3. GGC don't think it can get longer than a novella Posted: October 07, 2009 at 04:48 PM (#3343767)
I think that the Win Probability graphs are cool (and Brian Burke does them for football), but I don't really think you can come up with a number to measure excitement. Like Dan says, you have to put the game into context.
4. GGC don't think it can get longer than a novella Posted: October 07, 2009 at 04:52 PM (#3343775)
I think that the Win Probability graphs are cool (and Brian Burke does them for football), but I don't really think you can come up with a number to measure excitement. Like Dan says, you have to put the game into context.
5. GGC don't think it can get longer than a novella Posted: October 07, 2009 at 04:55 PM (#3343776)
I think that the Win Probability graphs are cool (and Brian Burke does them for football), but I don't really think you can come up with a number to measure excitement. Like Dan says, you have to put the game into context.
6. Guapo Posted: October 07, 2009 at 05:00 PM (#3343784)
The most exciting post on BTF is the triple post.
7. Tango Posted: October 07, 2009 at 05:12 PM (#3343795)
We've discussed this at Fangraphs in the past few years already, as well as on my blog.

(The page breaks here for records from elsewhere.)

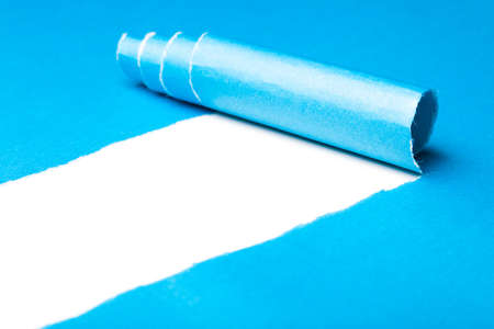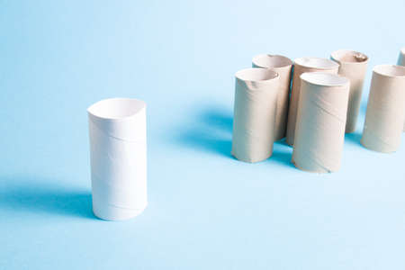 bushes from toilet paper stand in a heap separately from one sleeve which is different in white social distance concept, blue background, copy space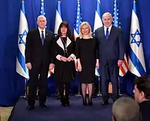 كارين بينس وسارة نتنياهو، السيدة الثانية للولايات المتحدة وإسرائيل على التوالي، إلى جانب أزواجهم ونائب الرئيس الأمريكي مايك بنس ورئيس الوزراء الإسرائيلي بنيامين نتانياهو.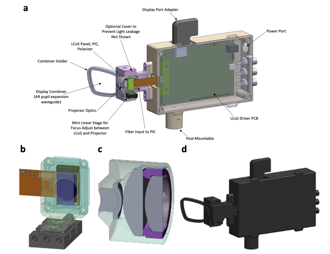 接下来评估了 PIC - LCoS 集成后的显示性能。图 4a 显示了一个具有紧凑外形和高亮度的全功能显示组件。这里使用的 LCoS 面板具有 4.5μm 的像素间距,FHD(1920×1080)分辨率,并以 120Hz 的视频帧率运行。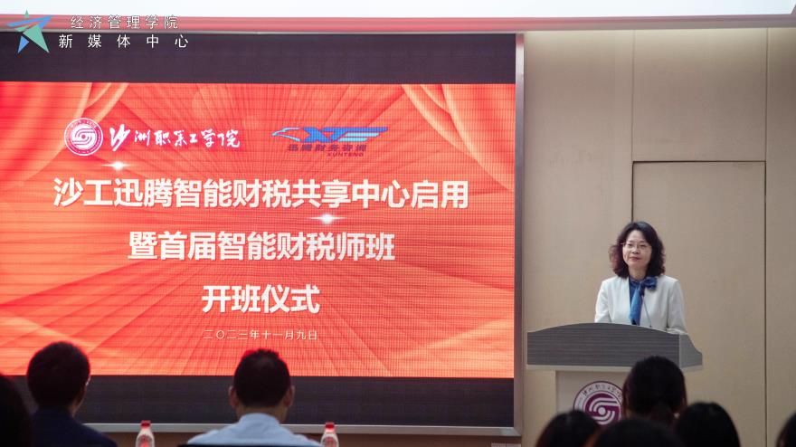 章雯和秦玉红共同为沙工迅腾智能财税共享中心揭牌,陈海英、张峰为企业导师颁发了聘书,经管学院负责人为首届智能财税师班校企班主任颁发了聘书,首届智能财税师班学校班主任与学生代表进行了发言。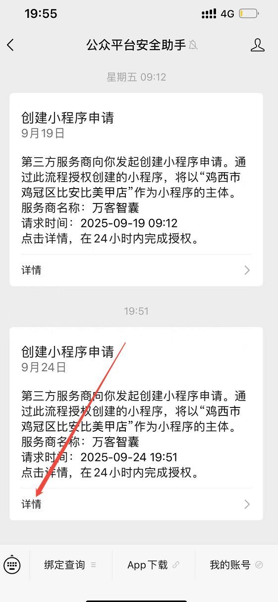 客户之前关注微信公众平台是可以接收到“创建小程序申请”,但是取消关注之后,之前的消息也不见了,后面一直点击提交,但是法人微信说一直收不到消息。客户微信号:yan13089790599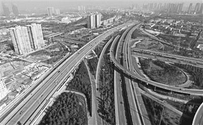 位于东三环的官厅立交四通八达 政府工作报告提出,要大力推进“大西安”建设,加快西咸一体化步伐,理顺西咸新区管理体制机制,优化西安、咸阳、西咸新区之间的城市功能。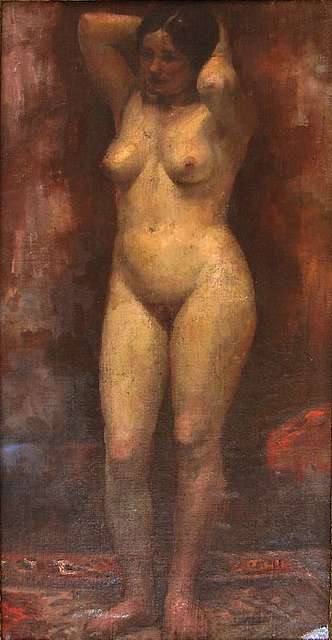 standing arms raised behind headsoft warm frontal ambientacademic oil painting classical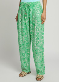 Info & Care Melissa Odabash woven trousers Floral print, elasticated drawstring waistband, two slip pockets; Pull on; 100% viscose Dry clean; Size & Fit Inside leg length: 32 inches/ 81.5cm Midweight Straight-leg cut Model is 5'9"/ 175cm and wears a size small;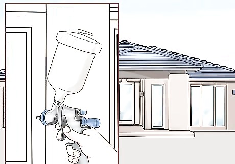 Paint the trim. Once the sidings are complete it's time to go back and paint the trim, whether it's the same color as the rest of the house or not. This is can be quite time-consuming, but will really give your paint job a professional-looking finish. A brush is normally recommended for painting the sidings, as it allows you to be precise however a small 6-inch roller can help to speed up the process, especially on fascia and window sills. As with painting the sidings, you should work on painting the trim from top to bottom - start with any gables and dormers, then do eaves and gutters, then do second-story windows, first-story windows, doors and finally the foundations. When painting the windows, you should protect the glass from paint splatters by covering with masking tape or using a paint shield. Pay special attention to window sills when painting, as these bear the brunt of bad weather and can look more worn than other areas. If necessary give them 2 or 3 coats of paint and don't forget to paint the undersides. It is easier to paint doors if you remove any knobs, knockers and numbers first. Ideally, you should also remove the door from its hinges and lay it flat on the ground before painting, working first on one side, then the other. This will also make it easier to paint the frame and door jambs.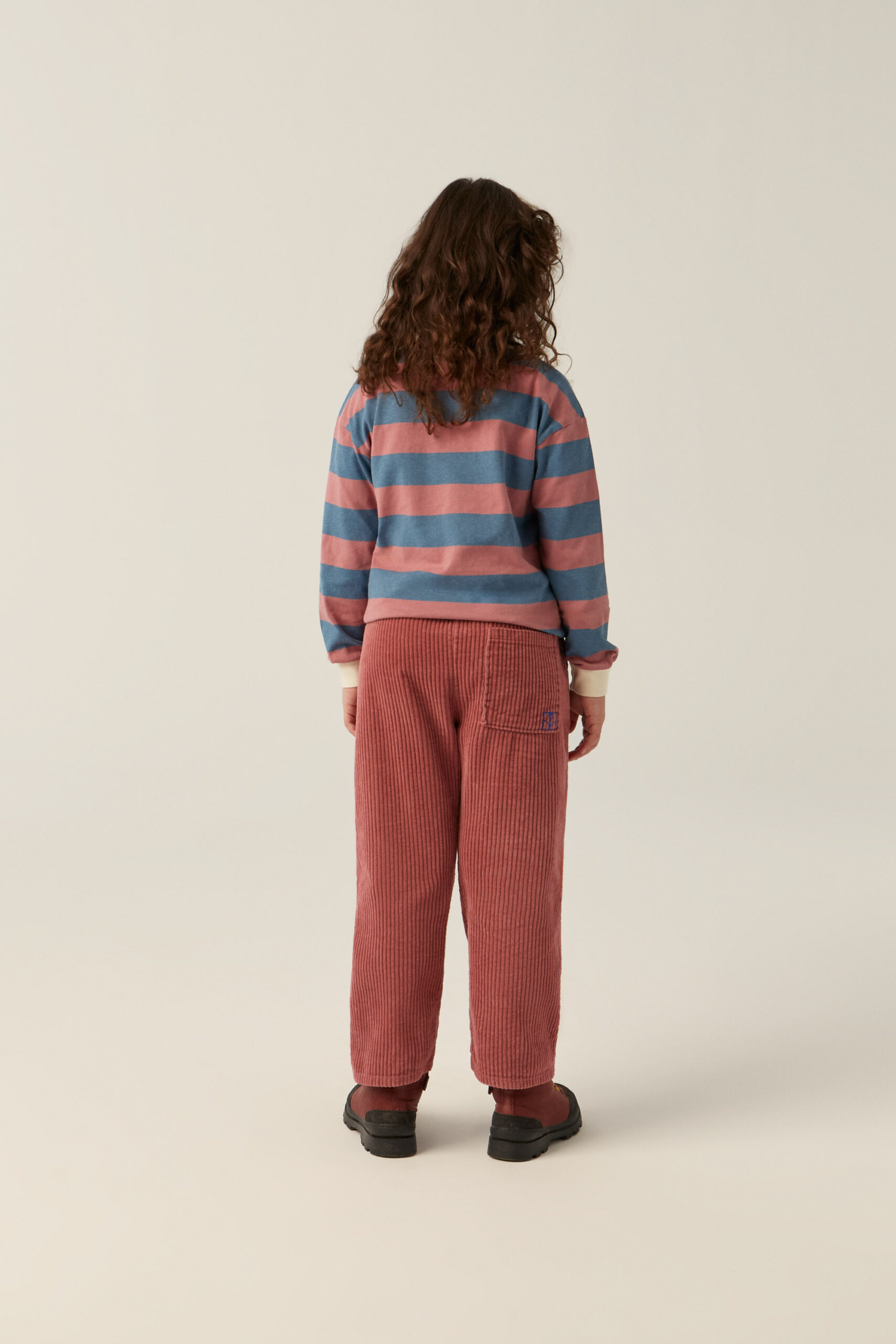 青と紫のストライプがレトロな雰囲気を醸し出すポロシャツ。オーバーサイズフィットで、袖口にはリブが施され、より快適です。冬のどんな服装にも合う、非常に汎用性の高い衣服です。

The "excitedness" being measured here is within the context of the game, with no playoff or World Series implication. I don't like the adjective being used, because it implies the playoff implications that the metric being used does not use.

If you come up with the list of those games with either the highest average LI, or absolute sum of delta WE (i.e. WPA), you will definitely hit upon a huge share of the "top" games. You've got some 100,000 games in the Retrosheet event files. This is certainly the fastest way to come up with the "top" games in baseball (within the constraints noted).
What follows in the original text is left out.